### [Your task]
Take the data below and copy exactly the lines starting at the one with "Collier : en" and finishing at the one with "Twelve brass sample wedding bands", both included.

### [Supplied information]
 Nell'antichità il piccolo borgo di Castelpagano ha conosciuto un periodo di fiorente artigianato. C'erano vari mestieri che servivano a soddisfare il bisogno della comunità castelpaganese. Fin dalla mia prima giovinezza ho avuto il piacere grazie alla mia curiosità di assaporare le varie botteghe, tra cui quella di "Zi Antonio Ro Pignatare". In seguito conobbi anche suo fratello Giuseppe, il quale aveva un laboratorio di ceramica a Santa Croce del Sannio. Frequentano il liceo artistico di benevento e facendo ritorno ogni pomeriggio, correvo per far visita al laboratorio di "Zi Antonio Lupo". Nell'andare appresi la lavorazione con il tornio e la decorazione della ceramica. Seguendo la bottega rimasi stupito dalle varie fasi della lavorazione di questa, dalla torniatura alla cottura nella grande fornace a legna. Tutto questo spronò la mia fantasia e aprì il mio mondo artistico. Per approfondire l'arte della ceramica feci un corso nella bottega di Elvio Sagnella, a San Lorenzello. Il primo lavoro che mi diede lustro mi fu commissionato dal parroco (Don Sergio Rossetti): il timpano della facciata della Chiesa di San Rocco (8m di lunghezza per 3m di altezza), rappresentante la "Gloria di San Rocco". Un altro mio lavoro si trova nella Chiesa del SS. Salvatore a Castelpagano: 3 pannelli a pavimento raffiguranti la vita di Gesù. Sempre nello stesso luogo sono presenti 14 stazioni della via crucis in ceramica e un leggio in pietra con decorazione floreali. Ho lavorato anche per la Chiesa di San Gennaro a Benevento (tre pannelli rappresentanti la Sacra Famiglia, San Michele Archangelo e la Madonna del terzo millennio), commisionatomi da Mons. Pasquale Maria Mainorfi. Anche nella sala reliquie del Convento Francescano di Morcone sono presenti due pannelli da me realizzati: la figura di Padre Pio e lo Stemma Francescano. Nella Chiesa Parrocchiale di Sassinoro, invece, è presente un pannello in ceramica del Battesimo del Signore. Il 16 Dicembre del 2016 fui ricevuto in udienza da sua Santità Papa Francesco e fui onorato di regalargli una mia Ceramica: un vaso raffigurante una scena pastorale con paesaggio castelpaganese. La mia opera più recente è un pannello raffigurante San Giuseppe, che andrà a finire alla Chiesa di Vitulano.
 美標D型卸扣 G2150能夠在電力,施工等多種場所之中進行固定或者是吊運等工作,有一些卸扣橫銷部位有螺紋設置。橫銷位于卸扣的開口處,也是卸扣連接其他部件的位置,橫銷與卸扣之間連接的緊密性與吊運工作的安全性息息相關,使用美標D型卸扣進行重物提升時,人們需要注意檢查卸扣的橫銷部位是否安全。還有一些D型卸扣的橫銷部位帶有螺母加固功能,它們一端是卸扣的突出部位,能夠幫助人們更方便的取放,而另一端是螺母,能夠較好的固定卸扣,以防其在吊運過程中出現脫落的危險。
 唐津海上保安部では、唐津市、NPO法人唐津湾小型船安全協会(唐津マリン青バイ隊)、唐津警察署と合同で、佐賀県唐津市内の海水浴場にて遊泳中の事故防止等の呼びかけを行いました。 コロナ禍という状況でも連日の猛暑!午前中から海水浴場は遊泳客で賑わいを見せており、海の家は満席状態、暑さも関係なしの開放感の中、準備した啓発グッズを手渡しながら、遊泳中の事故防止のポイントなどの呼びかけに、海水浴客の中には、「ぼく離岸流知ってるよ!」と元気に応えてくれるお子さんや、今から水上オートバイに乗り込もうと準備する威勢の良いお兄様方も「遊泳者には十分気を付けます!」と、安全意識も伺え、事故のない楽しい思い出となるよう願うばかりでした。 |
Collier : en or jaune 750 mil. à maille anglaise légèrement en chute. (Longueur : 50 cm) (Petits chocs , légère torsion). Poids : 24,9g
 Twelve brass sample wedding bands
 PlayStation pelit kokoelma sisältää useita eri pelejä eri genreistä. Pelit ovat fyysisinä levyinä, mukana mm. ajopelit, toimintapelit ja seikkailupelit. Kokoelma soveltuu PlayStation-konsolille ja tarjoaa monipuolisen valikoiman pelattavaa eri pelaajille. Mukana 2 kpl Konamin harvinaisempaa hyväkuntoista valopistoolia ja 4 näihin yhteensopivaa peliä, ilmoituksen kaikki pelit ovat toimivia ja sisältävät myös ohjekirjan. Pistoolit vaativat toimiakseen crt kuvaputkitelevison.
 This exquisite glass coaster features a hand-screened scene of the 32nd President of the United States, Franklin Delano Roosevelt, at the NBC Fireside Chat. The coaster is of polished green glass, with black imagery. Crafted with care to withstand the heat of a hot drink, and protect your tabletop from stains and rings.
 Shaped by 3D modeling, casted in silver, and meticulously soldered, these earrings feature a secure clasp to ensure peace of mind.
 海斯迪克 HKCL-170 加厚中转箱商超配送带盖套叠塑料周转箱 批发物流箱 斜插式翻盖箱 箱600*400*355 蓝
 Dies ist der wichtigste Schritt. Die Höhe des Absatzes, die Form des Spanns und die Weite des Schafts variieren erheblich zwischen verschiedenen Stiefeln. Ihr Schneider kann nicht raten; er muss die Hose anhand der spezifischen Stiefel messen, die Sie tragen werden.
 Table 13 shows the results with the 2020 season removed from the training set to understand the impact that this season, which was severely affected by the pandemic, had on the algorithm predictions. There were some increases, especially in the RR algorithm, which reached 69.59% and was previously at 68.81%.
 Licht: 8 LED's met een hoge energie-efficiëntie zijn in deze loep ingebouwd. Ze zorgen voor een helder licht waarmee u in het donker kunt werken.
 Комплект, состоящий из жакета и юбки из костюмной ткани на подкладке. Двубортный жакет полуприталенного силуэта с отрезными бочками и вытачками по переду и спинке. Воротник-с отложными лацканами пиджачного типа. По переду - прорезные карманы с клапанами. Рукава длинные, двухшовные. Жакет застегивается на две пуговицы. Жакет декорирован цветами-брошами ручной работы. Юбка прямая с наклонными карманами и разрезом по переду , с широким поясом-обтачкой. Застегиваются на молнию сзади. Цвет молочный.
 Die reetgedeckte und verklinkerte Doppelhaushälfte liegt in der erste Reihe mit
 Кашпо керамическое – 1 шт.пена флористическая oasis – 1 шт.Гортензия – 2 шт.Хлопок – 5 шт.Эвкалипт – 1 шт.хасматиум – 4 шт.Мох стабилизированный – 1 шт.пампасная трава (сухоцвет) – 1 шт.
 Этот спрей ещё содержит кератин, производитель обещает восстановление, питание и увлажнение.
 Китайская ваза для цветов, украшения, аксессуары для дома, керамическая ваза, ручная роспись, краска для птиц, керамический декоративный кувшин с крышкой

### [Response to the exercise]
Collier : en or jaune 750 mil. à maille anglaise légèrement en chute. (Longueur : 50 cm) (Petits chocs , légère torsion). Poids : 24,9g
 Twelve brass sample wedding bands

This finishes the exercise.